=== Saved data entries ===
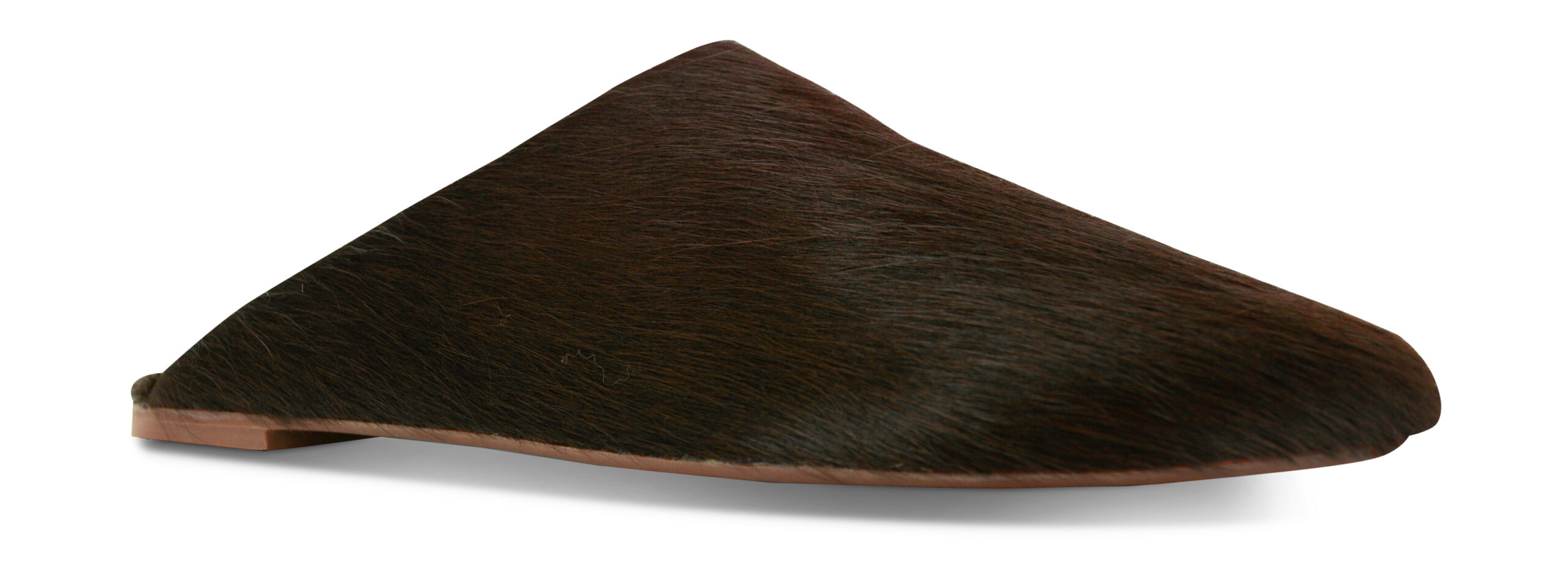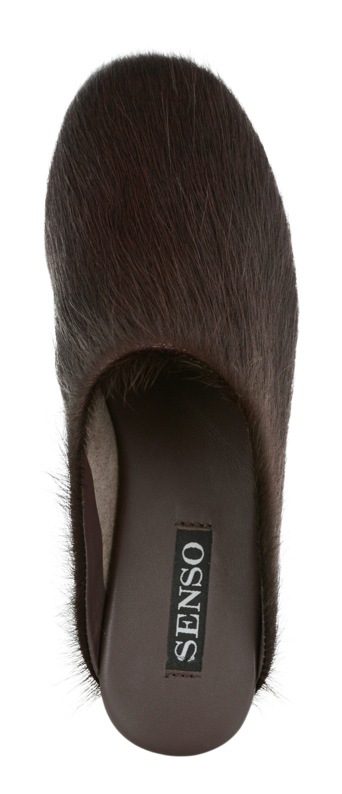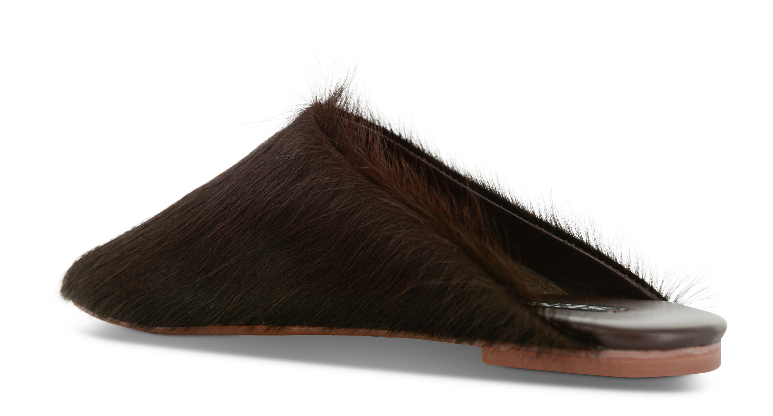 Cocoa pony hair mules designed with a sleek slip-on silhouette and a soft, textured finish.
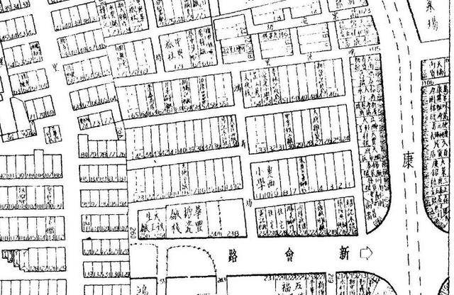 鸿寿坊所在地(新会路、西康路转角处)历史地图,来自20世纪40年代出版的《上海行号图录》。
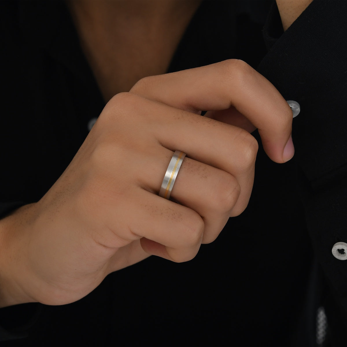 Argollas en Plata 950 con detalles en Oro 18 kilates. Fabricables en tallas 5 a 11. Las tallas 12 y 13 aumentan el valor de las argollas, Incluyen; estuche 🎁, grabado laser, arras y garantía de por vida ✅. 1.5 grm de Oro aproximadamente.
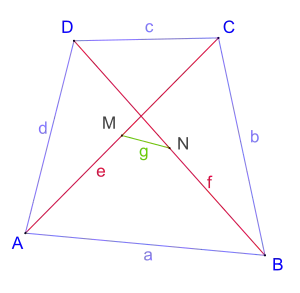 Para un cuadrilátero convexo con lados y ; diagonales y ; y siendo el segmento rectilíneo que conecta los puntos medios de las dos diagonales, se cumplen las siguientes ecuaciones:
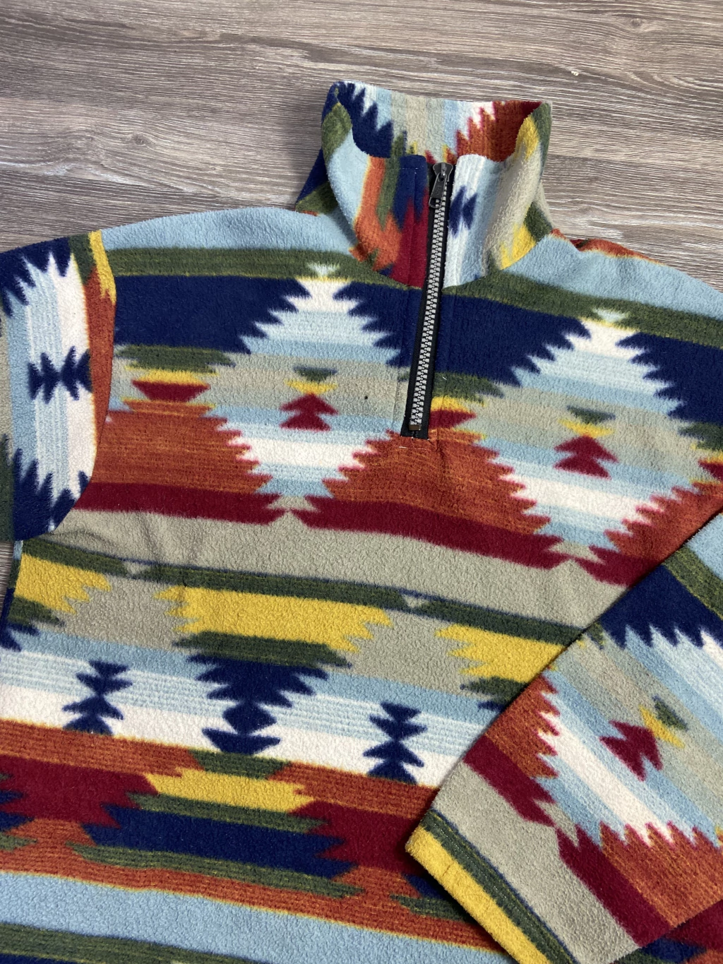 Tecido em poliéster, gola com ajuste em zíper e bolsos laterais.
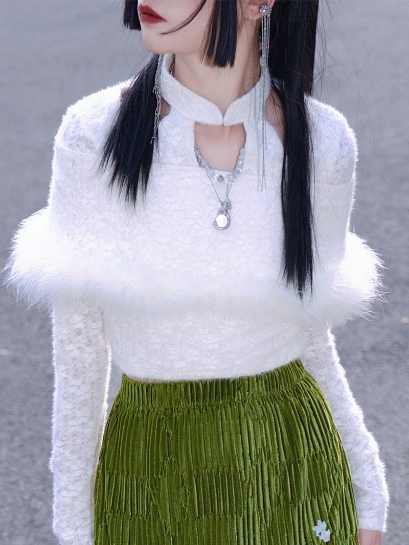 Designed for versatility with detachable features, perfect for layering. Delicate hollow designs at the neckline and shoulders, with fur trims enhancing body proportions and an elegant silhouette.
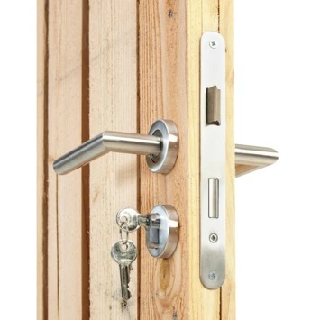 Heb je een houtbetonschutting van douglashout waar je een passende poort bij zoekt? Dan zit je met deze poort voor poort voor poort voor houtbetonschutting Douglas, breedte 110 cm linksdraaiend helemaal goed. Met een breedte van 110cm, waarvan de doorloopmaat ca. 100cm breed is, kun je door deze doorgang prima met een fiets, scooter of kruiwagen lopen. De poort is gemaakt van douglashout, een sterke houtsoort die je niet hoeft te impregneren, beitsen of verven. De poort heeft een metalen frame en wordt geleverd met een aluminium cilinderslot, metalen frame, hengen en verstelbare duimen, zodat je de deur eenvoudig zelf vast kunt zetten. De poort is linksdraaiend en heeft de scharnieren links zitten, wat inhoudt dat de poort vanuit de tuin gezien naar binnen toe opent.
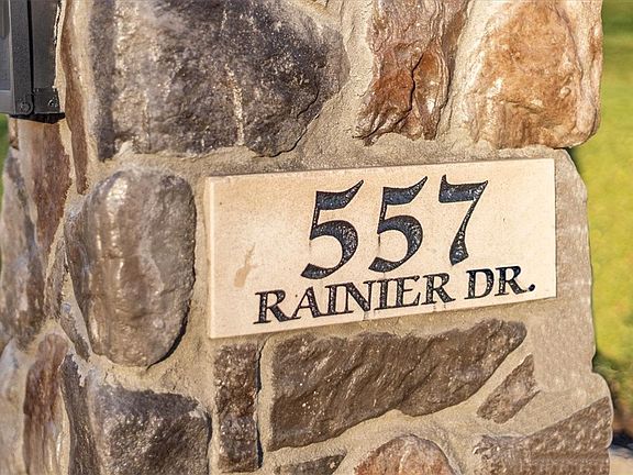Welcome to 557 Rainier! When you pull up to this meticulous home with beautiful landscape & retaining wall you will be in aww! As you enter the home, you will be awestruck by the updated kitchen with diamond like granite counters and custom-made cabinets. Look around the cabinets for special features such as kick drawers in the island & also a hidden spot for cooking utensils. The pantry will illuminate when you open it to find that special can good. The island is a great place to eat dinner or to have friends gather. The light-colored floors are inviting & warm along with the natural light that comes through the double patio doors & the bay window. The Owner's bathroom was spared no detail when updated, the glass has a pop of color to brighten the ambience. The large family room boasts a gas fireplace that will be cozy on a winter day. A cool feature of the garage is the floor coating is glow in the dark! By the way the garage is also very spacious and has great storage as well.
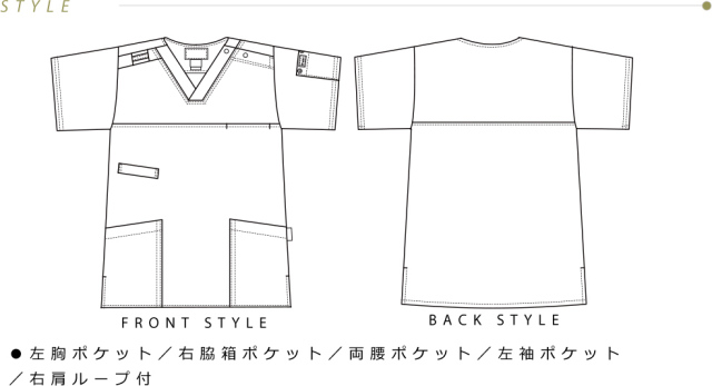 - ●左胸ポケット/右脇箱ポケット/両腰ポケット/左袖ポケット/右肩ループ付
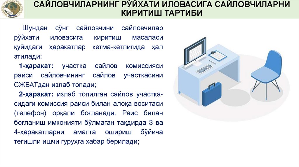 САЙЛОВЧИЛАРНИНГ РЎЙХАТИ ИЛОВАСИГАСАЙЛОВЧИНИ КИРИТИШ ТАРТИБИ
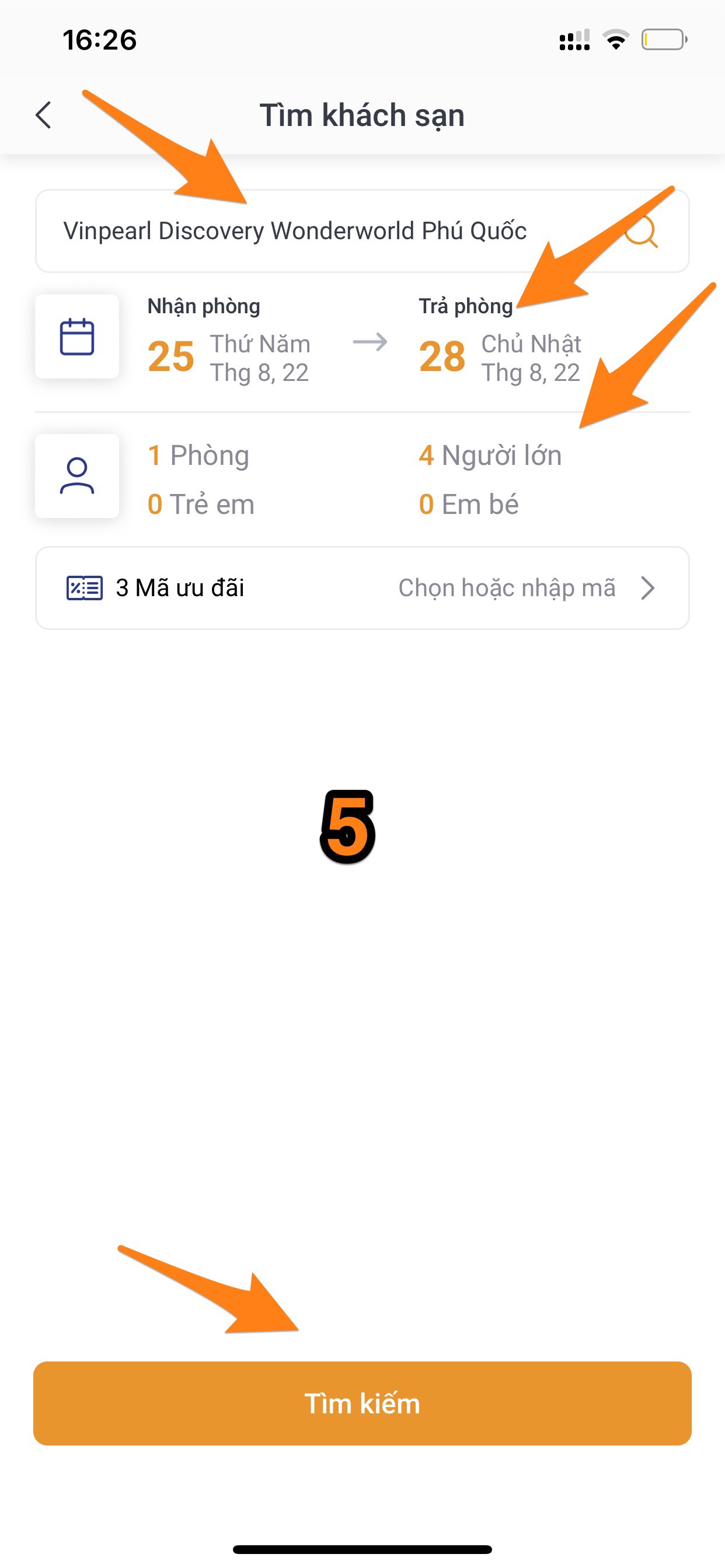 Bước 5: Chọn khu mong muốn (có tất cả 13 khu tại Nha Trang, Phú Quốc, Hạ Long, Hội An-Đà Nẵng), chọn giai đoạn mong muốn (như em biết lễ 2/9 chỉ phụ thu tại Hạ Long còn các khu khác không bị phụ thu), chọn số lượng người các bác chọn 4 NGƯỜI LỚN thôi nha (bước này mới hay ho nè, e sẽ ví dụ em cần đặt cho 5 người lớn + 2 trẻ em + 1 em bé nhé) (Ảnh 5)
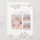 Cartões de agradecimentos de inverno OneDerland com flocos de neve rosa e prateada, primeira festa de aniversário
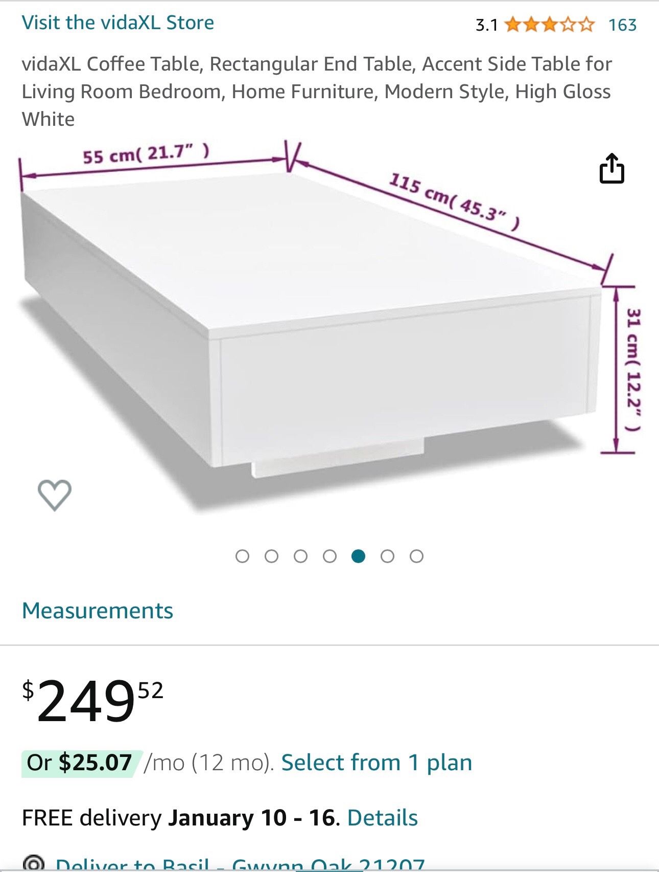 I got this for my new apartment less than a month ago. I also ordered a sectional couch online. It turns out the couch was a lot bigger than I thought. After setting it up, there was no room left for the coffee table, so I don't really need it anymore. However, I won't accept lowball offers.
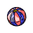 This features a round, blue and red ball with a black outline. It is composed of red and blue stripes, giving it an interesting appearance. The ball appears to be the main focus of the image, occupying most of the frame. Its unique design makes it stand out as a distinctive object in the scene.
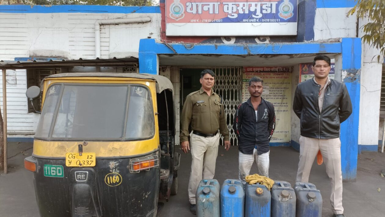मामले का संक्षिप्त विवरण इस प्रकार है कि पुलिस अधीक्षक कोरबा श्री भोजराम पटेल द्वारा क्षेत्र में डीजल, कोयला, कबाड़ चोरो के विरूद्ध सख्त कार्यवाही के संबंध में दिये गये निर्देशों के परिपालन में श्रीमान अतिरिक्त पुलिस अधीक्षक श्री अभिषेक वर्मा व श्रीमान नगर पुलिस अधीक्षक सुश्री लितेश सिंह के मार्गदर्शन पर चोरों पर शिकंजा कसने के विशेष अभियान के तहत चोरों के विरूद्ध कार्यवाही करने हेतु आदेशित किया गया है । दिनांक 20.02.2022 को पेट्रोलिंग के दौरान सूचना मिला की सलीम कुरैशी नाम का व्यक्ति ऑटो में भारी मात्रा में डीजल लेकर कुसमुण्डा से दीपका की ओर जा रहा है कि इस सूचना पर तत्काल हमराह स्टाफ के रवाना होकर कुचैना मोड़ के पास ऑटो क्रमांक CG 12 Y 0337 को रोककर चेक किया गया , चालक से नाम पूछने पर अपना नाम सलीम कुरैशी पिता सुन्ने कुरैशी उम्र 30वर्ष साकिन विकासनगर मदरसा के पास थाना कुसमुण्डा का रहने वाला बताया । आटो में 05 नग नीला रंग का 35 - 35 लीटर भरा डीजल कुल 175 लीटर मिला जिसके संबंध में सलीम कुरैशी को वैध कागजात पेश करने हेतु नोटिस देने पर कोई कागजात नही होना बताया। उक्त डीजल चोरी का होने के पूर्ण अंदेशा पर घटना में प्रयुक्त आटो सहित वजह सबूत में जप्त कर कब्जा पुलिस लिया गया। आरोपी सलीम कुरैशी विरूद्ध धारा 41 (1-4) जाफौ/ 379 भादवि के तहत कार्यवाही कर विधिवत गिरफ्तार न्यायिक रिमाण्ड पर भेजा गया है।
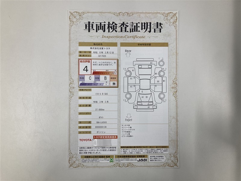 詳細及び現状の車両状態につきましては、店舗スタッフまでお尋ねください。 - 注2)上記と同様の評価点・状態表を「車両検査証明書」として店舗の展示車両に搭載しております。
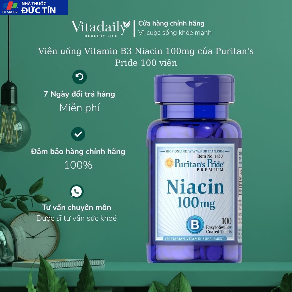 Niacin 100mg là thực phẩm chức năng cung cấp lượng vitamin B3 cần thiết cho cơ thể được sản xuất bởi hãng Puritan’s Pride. Puritan’s Pride là công ty thành viên của Tập đoàn NBTY – 1 trong 4 tập đoàn sản xuất và phân phối thực phẩm chức năng/ thực phẩm bảo vệ sức khỏe (Health Supplements) lớn nhất tại Mỹ và trên thế giới.

=== WHAT THE EXERCISE ASKS ===
With pictures excluded, reproduce exactly the lines above from the one containing "Cartões de agradecimentos" down to the one containing "I got this for", those two included.

=== EXERCISE RESULT ===
 Cartões de agradecimentos de inverno OneDerland com flocos de neve rosa e prateada, primeira festa de aniversário
 I got this for my new apartment less than a month ago. I also ordered a sectional couch online. It turns out the couch was a lot bigger than I thought. After setting it up, there was no room left for the coffee table, so I don't really need it anymore. However, I won't accept lowball offers.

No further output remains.